The good news is that under the new Medicines Australia - Australian Government Strategic Agreement, the government has committed to reviewing the PBAC base case

discount rate against international health technology assessment (HTA) best practice.

Medicines Australia's submission calls on the PBAC to reduce Australia’s reduce discount rate from its current 5% to 1.5%.

It would be simple to do this.
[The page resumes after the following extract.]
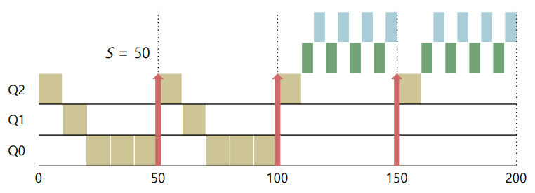 - I/O를 위해 CPU를 반복적으로 포기하는 job은 우선순위를 높게 유지해준다

There’s no legislative change required, and no budget submission needed.

It essentially requires the PBAC to cross out ‘5%’ on page 65 of its own current Guidelines, and insert ‘1.5%’, and then implement the decision.

That’s it.

A stroke of the pen would bring Australia into the 21st century, at least as far as its PBAC discount rate is concerned.

The fact is, Australia is short-changing Australian children, grandchildren and future generations when it comes to new healthcare technologies like the latest vaccines for infectious diseases, newly-emerging potential cures for diseases.

To be fair, during the 1980s a 5% discount rate might have made sense.

However, more than 30 years later, in 2022 it makes no sense and, frankly, is difficult to defend on economic or ethical grounds.

And, for a country that prides itself on its health system and often likes to claim the moral high ground in health economics issues, it is embarrassing on an international scale.

It’s time to fix this, for our kids’ and grandkids’ sake.